*** Opening of RECORDS SUPPLIED ***
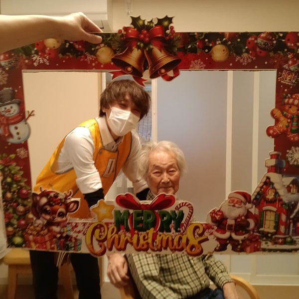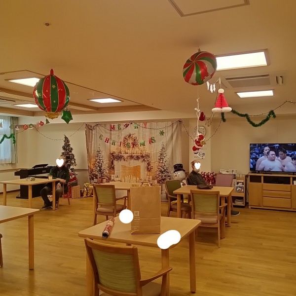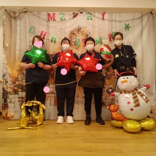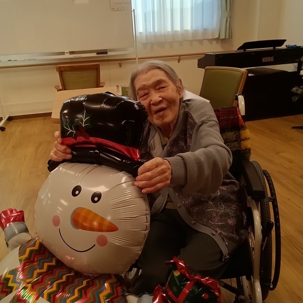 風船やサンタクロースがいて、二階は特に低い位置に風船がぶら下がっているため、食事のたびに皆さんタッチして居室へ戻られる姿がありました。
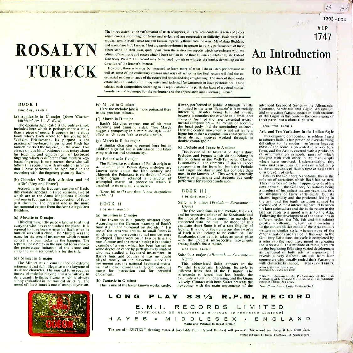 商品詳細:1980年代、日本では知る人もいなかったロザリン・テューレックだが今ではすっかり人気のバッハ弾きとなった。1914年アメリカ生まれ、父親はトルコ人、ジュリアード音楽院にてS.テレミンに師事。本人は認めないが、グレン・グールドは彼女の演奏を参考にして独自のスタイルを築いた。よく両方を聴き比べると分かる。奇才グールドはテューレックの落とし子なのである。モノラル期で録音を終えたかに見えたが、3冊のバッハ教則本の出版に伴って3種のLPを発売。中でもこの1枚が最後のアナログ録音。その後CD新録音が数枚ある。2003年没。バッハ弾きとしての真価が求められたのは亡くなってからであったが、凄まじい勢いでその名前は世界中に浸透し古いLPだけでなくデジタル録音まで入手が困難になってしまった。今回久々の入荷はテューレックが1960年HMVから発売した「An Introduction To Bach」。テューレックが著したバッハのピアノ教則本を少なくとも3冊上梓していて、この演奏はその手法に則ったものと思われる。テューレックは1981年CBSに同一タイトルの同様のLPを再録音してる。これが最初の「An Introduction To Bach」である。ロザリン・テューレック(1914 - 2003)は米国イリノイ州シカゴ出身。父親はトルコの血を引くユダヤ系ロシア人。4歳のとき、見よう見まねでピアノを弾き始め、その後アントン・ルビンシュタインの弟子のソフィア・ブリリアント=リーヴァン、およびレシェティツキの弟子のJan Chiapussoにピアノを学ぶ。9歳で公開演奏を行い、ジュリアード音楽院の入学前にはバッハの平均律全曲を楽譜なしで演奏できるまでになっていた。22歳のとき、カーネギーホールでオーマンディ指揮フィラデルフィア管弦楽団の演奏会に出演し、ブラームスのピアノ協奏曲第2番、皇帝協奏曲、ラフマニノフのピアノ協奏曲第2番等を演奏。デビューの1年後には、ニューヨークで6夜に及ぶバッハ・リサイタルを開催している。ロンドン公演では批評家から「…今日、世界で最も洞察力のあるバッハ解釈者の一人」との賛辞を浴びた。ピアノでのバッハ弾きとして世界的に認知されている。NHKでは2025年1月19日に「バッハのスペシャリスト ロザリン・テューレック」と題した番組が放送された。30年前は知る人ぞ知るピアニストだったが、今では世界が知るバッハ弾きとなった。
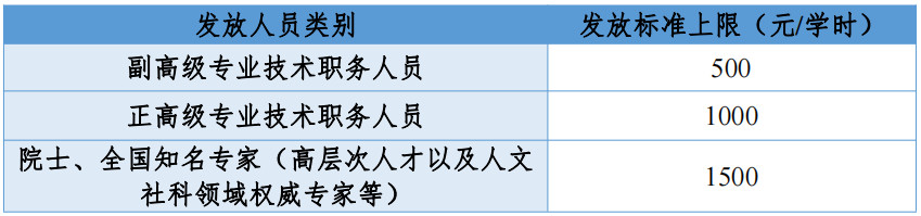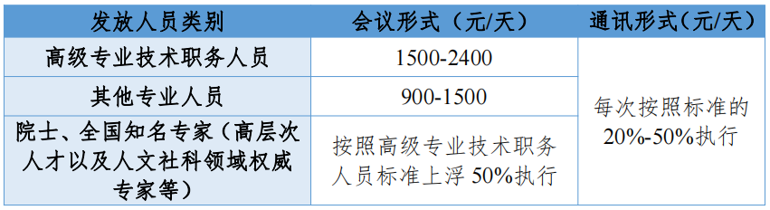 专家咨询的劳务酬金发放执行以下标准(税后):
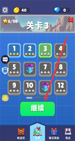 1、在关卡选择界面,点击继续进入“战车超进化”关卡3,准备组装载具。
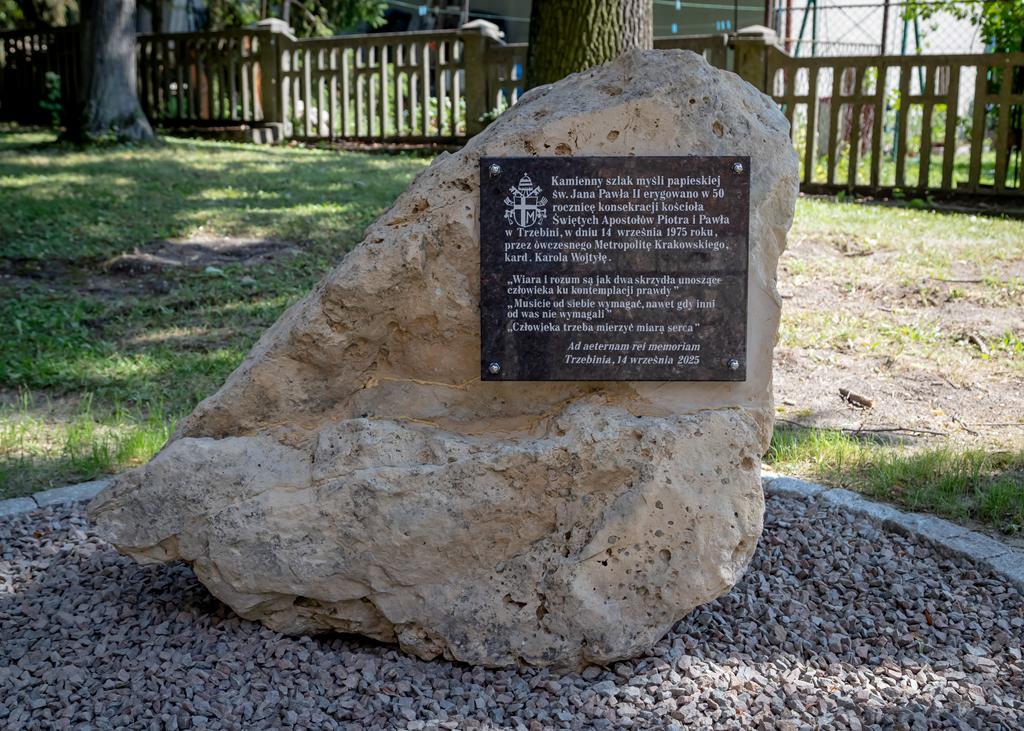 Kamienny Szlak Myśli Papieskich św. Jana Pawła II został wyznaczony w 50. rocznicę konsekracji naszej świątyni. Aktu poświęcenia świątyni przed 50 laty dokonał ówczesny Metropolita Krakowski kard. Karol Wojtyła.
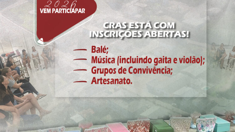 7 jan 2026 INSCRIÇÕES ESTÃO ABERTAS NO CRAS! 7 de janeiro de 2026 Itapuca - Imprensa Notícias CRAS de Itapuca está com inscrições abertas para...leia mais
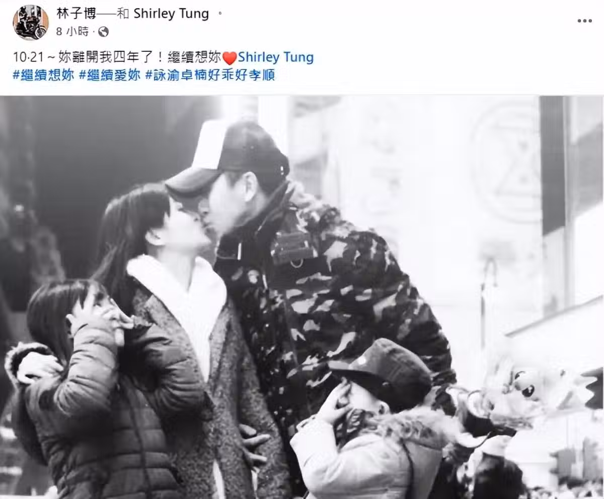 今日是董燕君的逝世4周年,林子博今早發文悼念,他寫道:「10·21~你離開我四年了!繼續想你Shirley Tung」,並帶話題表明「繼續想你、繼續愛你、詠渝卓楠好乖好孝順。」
*** Close of RECORDS SUPPLIED ***
WHAT IS NEEDED →
Pictures appear in the records above. Output everything except them, exactly.

WRITTEN ANSWER →
 風船やサンタクロースがいて、二階は特に低い位置に風船がぶら下がっているため、食事のたびに皆さんタッチして居室へ戻られる姿がありました。
 商品詳細:1980年代、日本では知る人もいなかったロザリン・テューレックだが今ではすっかり人気のバッハ弾きとなった。1914年アメリカ生まれ、父親はトルコ人、ジュリアード音楽院にてS.テレミンに師事。本人は認めないが、グレン・グールドは彼女の演奏を参考にして独自のスタイルを築いた。よく両方を聴き比べると分かる。奇才グールドはテューレックの落とし子なのである。モノラル期で録音を終えたかに見えたが、3冊のバッハ教則本の出版に伴って3種のLPを発売。中でもこの1枚が最後のアナログ録音。その後CD新録音が数枚ある。2003年没。バッハ弾きとしての真価が求められたのは亡くなってからであったが、凄まじい勢いでその名前は世界中に浸透し古いLPだけでなくデジタル録音まで入手が困難になってしまった。今回久々の入荷はテューレックが1960年HMVから発売した「An Introduction To Bach」。テューレックが著したバッハのピアノ教則本を少なくとも3冊上梓していて、この演奏はその手法に則ったものと思われる。テューレックは1981年CBSに同一タイトルの同様のLPを再録音してる。これが最初の「An Introduction To Bach」である。ロザリン・テューレック(1914 - 2003)は米国イリノイ州シカゴ出身。父親はトルコの血を引くユダヤ系ロシア人。4歳のとき、見よう見まねでピアノを弾き始め、その後アントン・ルビンシュタインの弟子のソフィア・ブリリアント=リーヴァン、およびレシェティツキの弟子のJan Chiapussoにピアノを学ぶ。9歳で公開演奏を行い、ジュリアード音楽院の入学前にはバッハの平均律全曲を楽譜なしで演奏できるまでになっていた。22歳のとき、カーネギーホールでオーマンディ指揮フィラデルフィア管弦楽団の演奏会に出演し、ブラームスのピアノ協奏曲第2番、皇帝協奏曲、ラフマニノフのピアノ協奏曲第2番等を演奏。デビューの1年後には、ニューヨークで6夜に及ぶバッハ・リサイタルを開催している。ロンドン公演では批評家から「…今日、世界で最も洞察力のあるバッハ解釈者の一人」との賛辞を浴びた。ピアノでのバッハ弾きとして世界的に認知されている。NHKでは2025年1月19日に「バッハのスペシャリスト ロザリン・テューレック」と題した番組が放送された。30年前は知る人ぞ知るピアニストだったが、今では世界が知るバッハ弾きとなった。
 专家咨询的劳务酬金发放执行以下标准(税后):
 1、在关卡选择界面,点击继续进入“战车超进化”关卡3,准备组装载具。
 Kamienny Szlak Myśli Papieskich św. Jana Pawła II został wyznaczony w 50. rocznicę konsekracji naszej świątyni. Aktu poświęcenia świątyni przed 50 laty dokonał ówczesny Metropolita Krakowski kard. Karol Wojtyła.
 7 jan 2026 INSCRIÇÕES ESTÃO ABERTAS NO CRAS! 7 de janeiro de 2026 Itapuca - Imprensa Notícias CRAS de Itapuca está com inscrições abertas para...leia mais
 今日是董燕君的逝世4周年,林子博今早發文悼念,他寫道:「10·21~你離開我四年了!繼續想你Shirley Tung」,並帶話題表明「繼續想你、繼續愛你、詠渝卓楠好乖好孝順。」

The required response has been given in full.